土埃が晴れた後、目に映ったのは無残に抉られ、クレーター化した大地。
そして、
「こいつは……まさか……」
闇夜の色をした巨躯、蝙蝠の翼、二本の角。
何よりも、忘れえない鮮血色の瞳。
あの時、家族を殺した天魔!
「だめよ、翼!」
何も言わないうちから、親友に叱られた。
冷静に見えて、いざという時に熱くなってしまう。 そういう性格だと見透かされている。
「言いたい事はわかるけど、退けないわ! 例え、刺し違えてでも……」
機先を制して言い返した時、再び炎に襲われた。
今度は、炎の流星群!
距離があるので躱せるが、周りの大地が次々に割られていく。
背筋に走る寒気。
寒気が、頭の奥を冷静にしてくれる。
(ここは一度退いて、味方の増援を得てから戦うべきね)
だが、それを口にする前に、体は仇に向かって走り出していた。
「だめよ、翼! 戻って!!」
大地を蹴り、宙を舞いながら放つは雷光纏いし拳!
「くらえっ! 雷帝虚空撃!!」
右拳が深々と、胸に突き刺さる。
互いの右拳が互いの胸に。
「ぐっ!」
仇の口、己の口、双方が同時に血を吐いた。
「翼!」
親友の声が、やけに遠くに聞こえる。
もう終わりだろう。
想いのままに駆け、無念を晴らせたのだから翼はこれで満足だ。
だが、コイツはわからない。
コイツの胸に無念が残っていたのなら、それを八つ当たり的に晴らすため、親友を道連れにするかもしれない。

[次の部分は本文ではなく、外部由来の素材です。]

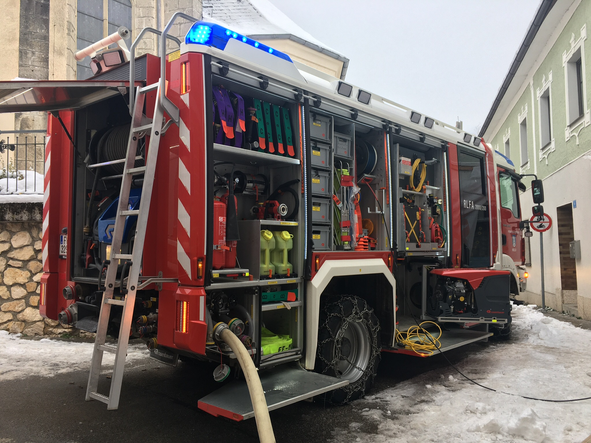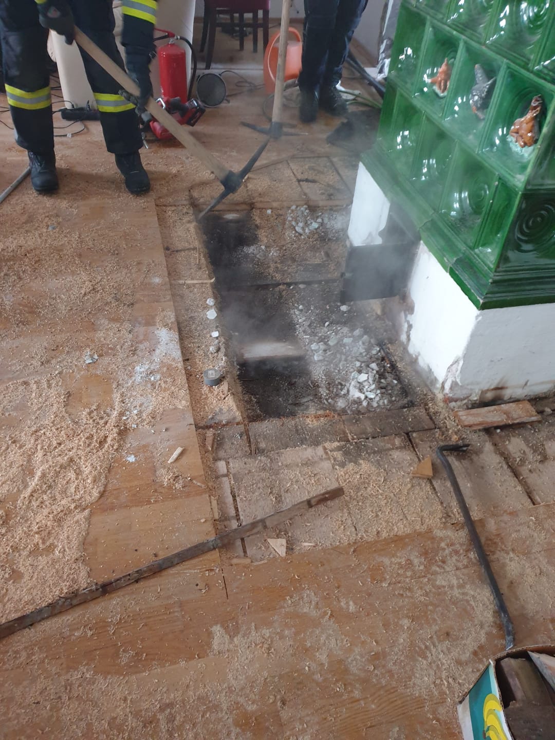 Im Bereich eines offenbar defekten Kachelofens im ersten Obergeschoß kam es nach Löschversuchen durch den Hausbesitzer zu enormer Rauchentwicklung. Mittels Wärmebildkamera konnte festgestellt werden, dass es unter dem Kachelofen zu einem Glimmbrand in der Geschoßdecke aus Holz gekommen war. Maßnahmen der Feuerwehr waren das Öffnen der Decke um den Brandherd zu lokalisieren und zu löschen sowie das Belüften des betroffenen Gebäudeteils. Die Löschwasserversorgung wurde mit 2 Löschfahrzeugen sichergestellt, die betroffenen Straßen und Wege wurde während des Einsatzes gesperrt. Um weitere Schäden zu vermeiden wurde im darunterliegenden Geschoß ein massive Abstützung aufgebaut. Dabei unterstütze ein örtliches Holzbauunternehmen kurzfristig und kompetent.

それは絶対にいけない。 己の胸に、新たな無念が出来てしまう。
「もう一撃!」
力を振り絞って、左拳で仇の右胸を打ち貫いた。
仇にはもう、呻く力もない
力の根源を完全に断った。
翼自身の力も。
(父さん、母さん、私やったよ……)
唇が、笑みを浮かべてくれたのを感じながら、意識は空の果てへと遠ざかっていった。
空の果ての向こうは、自室のベッドだった。
「……あれ!?」
枕元でモバイルが鳴っている。
着信音で目が覚めたのだ。
開いてみると、親友からメールが来ていた。
『いつものオープンカフェに行かない? 新メニューのパインサラダが美味しいのよ』
指が光速で断りの返事を打ち込んでいた。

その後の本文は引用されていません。